What to work on: Your answer must restate the listing below word for word and contain no images.

Dataset extract:
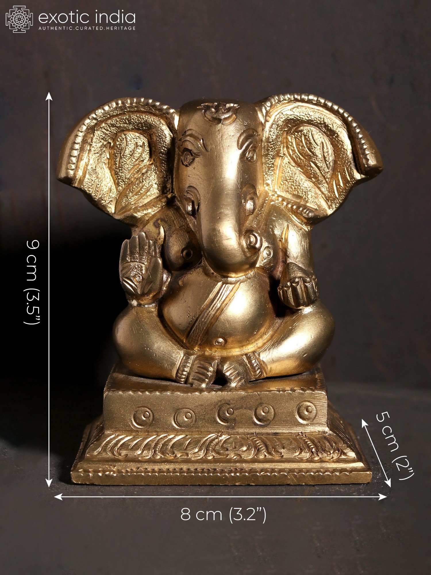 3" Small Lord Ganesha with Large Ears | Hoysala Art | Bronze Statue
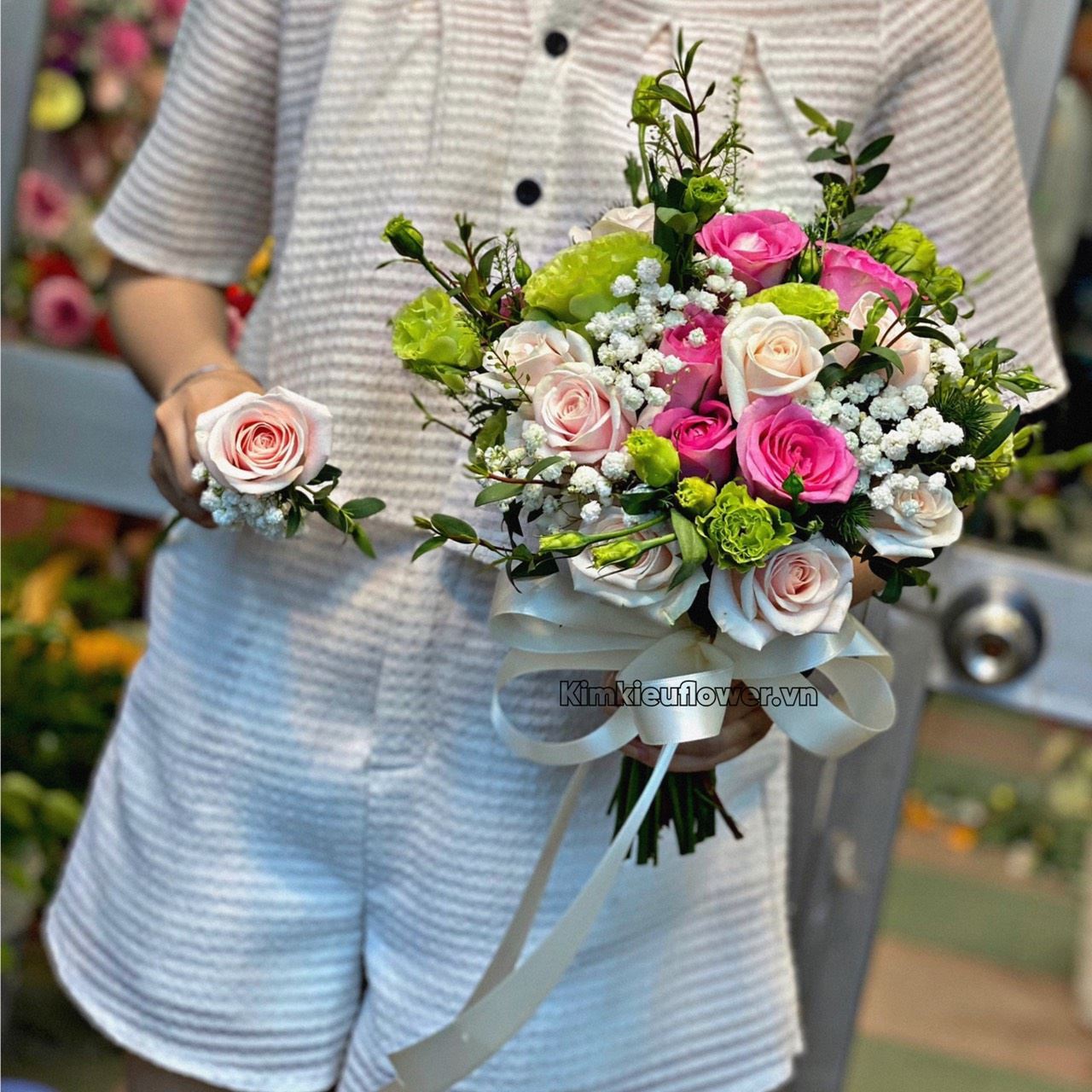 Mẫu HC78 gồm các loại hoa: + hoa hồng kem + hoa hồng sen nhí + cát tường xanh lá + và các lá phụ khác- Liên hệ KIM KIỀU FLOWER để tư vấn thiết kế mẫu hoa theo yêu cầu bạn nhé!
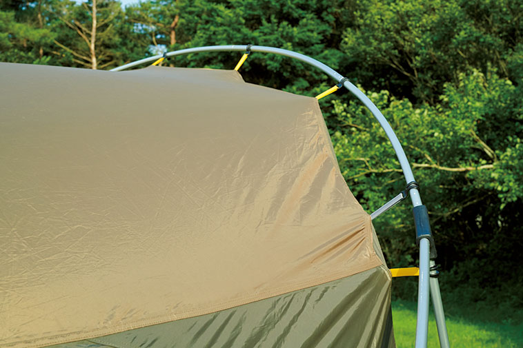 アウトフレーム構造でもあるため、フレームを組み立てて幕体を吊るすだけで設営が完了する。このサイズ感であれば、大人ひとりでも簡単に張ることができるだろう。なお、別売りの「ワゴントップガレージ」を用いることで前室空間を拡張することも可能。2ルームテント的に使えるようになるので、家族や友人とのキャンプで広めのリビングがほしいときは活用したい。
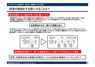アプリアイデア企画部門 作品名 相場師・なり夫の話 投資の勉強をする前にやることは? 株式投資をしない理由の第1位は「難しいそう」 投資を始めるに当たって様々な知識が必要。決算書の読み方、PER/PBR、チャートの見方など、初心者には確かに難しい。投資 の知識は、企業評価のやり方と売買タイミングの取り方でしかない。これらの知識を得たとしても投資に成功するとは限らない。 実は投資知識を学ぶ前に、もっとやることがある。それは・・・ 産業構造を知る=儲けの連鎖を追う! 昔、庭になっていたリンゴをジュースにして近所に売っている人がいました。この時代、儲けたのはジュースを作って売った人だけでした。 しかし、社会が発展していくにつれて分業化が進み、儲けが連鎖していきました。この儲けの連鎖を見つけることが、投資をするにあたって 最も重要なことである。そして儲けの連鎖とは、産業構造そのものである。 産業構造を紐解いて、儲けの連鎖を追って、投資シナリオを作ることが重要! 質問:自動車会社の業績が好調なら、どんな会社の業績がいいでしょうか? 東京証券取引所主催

Finished exercise:
 3" Small Lord Ganesha with Large Ears | Hoysala Art | Bronze Statue
 Mẫu HC78 gồm các loại hoa: + hoa hồng kem + hoa hồng sen nhí + cát tường xanh lá + và các lá phụ khác- Liên hệ KIM KIỀU FLOWER để tư vấn thiết kế mẫu hoa theo yêu cầu bạn nhé!
 アウトフレーム構造でもあるため、フレームを組み立てて幕体を吊るすだけで設営が完了する。このサイズ感であれば、大人ひとりでも簡単に張ることができるだろう。なお、別売りの「ワゴントップガレージ」を用いることで前室空間を拡張することも可能。2ルームテント的に使えるようになるので、家族や友人とのキャンプで広めのリビングがほしいときは活用したい。
アプリアイデア企画部門 作品名 相場師・なり夫の話 投資の勉強をする前にやることは? 株式投資をしない理由の第1位は「難しいそう」 投資を始めるに当たって様々な知識が必要。決算書の読み方、PER/PBR、チャートの見方など、初心者には確かに難しい。投資 の知識は、企業評価のやり方と売買タイミングの取り方でしかない。これらの知識を得たとしても投資に成功するとは限らない。 実は投資知識を学ぶ前に、もっとやることがある。それは・・・ 産業構造を知る=儲けの連鎖を追う! 昔、庭になっていたリンゴをジュースにして近所に売っている人がいました。この時代、儲けたのはジュースを作って売った人だけでした。 しかし、社会が発展していくにつれて分業化が進み、儲けが連鎖していきました。この儲けの連鎖を見つけることが、投資をするにあたって 最も重要なことである。そして儲けの連鎖とは、産業構造そのものである。 産業構造を紐解いて、儲けの連鎖を追って、投資シナリオを作ることが重要! 質問:自動車会社の業績が好調なら、どんな会社の業績がいいでしょうか? 東京証券取引所主催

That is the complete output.